Solve for the current passing through each edge of a NWN. The direction is not considered, only the magnitude.

Parameters:

Name	Type	Description	Default
NWN	Graph	Nanowire network.	required
source_node	tuple, or list of tuples	Voltage source nodes.	required
drain_node	tuple, or list of tuples	Grounded output nodes.	required
voltage	float	Voltage of the source nodes.	required
scaled	bool	Whether or not to scaled the output by i0. Default: False.	False
solver	str	Name of sparse matrix solving algorithm to use. Default: "spsolve".	'spsolve'

Returns:

Name	Type	Description
I	ndarray	Array containing the current flow through each edge.

Source code in mnns/calculations.py

def solve_edge_current(
    NWN: NanowireNetwork,
    source_node: NWNNode | list[NWNNode],
    drain_node: NWNNode | list[NWNNode],
    voltage: float,
    scaled: bool = False,
    solver: str = "spsolve",
    **kwargs,
) -> npt.NDArray:
    """
    Solve for the current passing through each edge of a NWN. The direction is
    not considered, only the magnitude.

    Parameters
    ----------
    NWN : Graph
        Nanowire network.

    source_node : tuple, or list of tuples
        Voltage source nodes.

    drain_node : tuple, or list of tuples
        Grounded output nodes.

    voltage : float
        Voltage of the source nodes.

    scaled : bool, optional
        Whether or not to scaled the output by i0. Default: False.

    solver: str, optional
        Name of sparse matrix solving algorithm to use.
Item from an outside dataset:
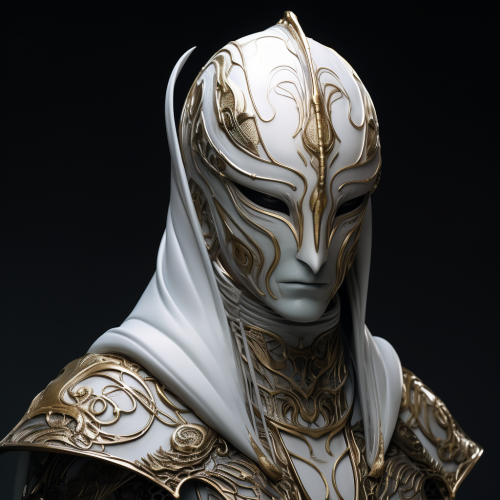 male helmeted elf god of law. Helmet covers eyes. Resplendent and resolute. Hyperrealistic.

Default: "spsolve".

    Returns
    -------
    I : ndarray
        Array containing the current flow through each edge.

    """
    # Get nodal voltages
    sol = solve_network(
        NWN, source_node, drain_node, voltage, "voltage", solver, **kwargs
    )

    # Get edges and conductances
    edges, G = zip(*nx.get_edge_attributes(NWN, "conductance").items())

    # Find edges indices
    start_nodes, end_nodes = get_edge_indices(NWN, edges)
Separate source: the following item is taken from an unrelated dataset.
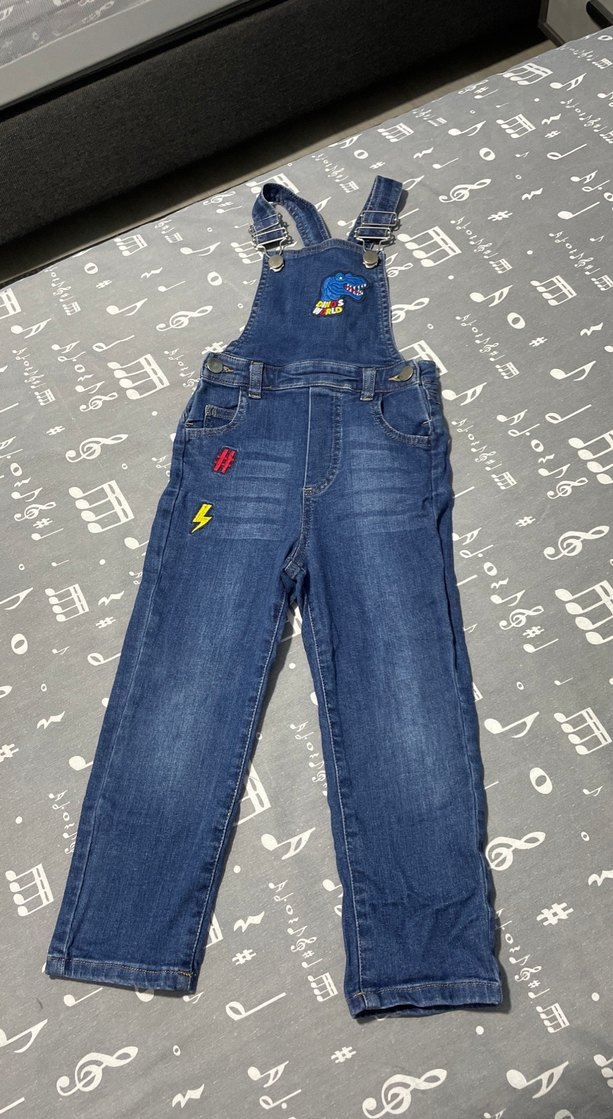 Nakışlı renkli detaylara ve tokalı ayarlanabilir askılara sahip mavi denim kız salopeti, regular fit ve kolsuz tasarımla.

    # Find current through each edges
    v0 = sol[start_nodes]
    v1 = sol[end_nodes]
    V_delta = np.abs(v0 - v1)
    I = V_delta * G

    # Scale the output if desired
    if scaled:
        I *= NWN.graph["units"]["i0"]

    return I

solve_network

solve_network(
    NWN: NanowireNetwork,
    source_node: NWNNode | list[NWNNode],
    drain_node: NWNNode | list[NWNNode],
    input: float,
    type: str = "voltage",
    solver: str = "spsolve",
    **kwargs
) -> npt.NDArray

Solve for the voltages of each node in a given NWN. Each drain node will be grounded. If the type is "voltage", each source node will be at the specified input voltage. If the type is "current", current will be sourced from each source node.

Parameters:

Name	Type	Description	Default
NWN	Graph	Nanowire network.	required
source_node	tuple, or list of tuples	Voltage/current source nodes.	required
drain_node	tuple, or list of tuples	Grounded output nodes.	required
input	float	Supplied voltage (current) in units of v0 (i0).	required
type	('voltage', 'current')	Input type. Default: "voltage".	"voltage"
solver	str	Name of sparse matrix solving algorithm to use. Default: "spsolve".	'spsolve'
**kwargs		Keyword arguments passed to the solver.	{}

Returns:

Name	Type	Description
out	ndarray	Output array containing the voltages of each node. If the input type is voltage, the current is also in this array as the last element.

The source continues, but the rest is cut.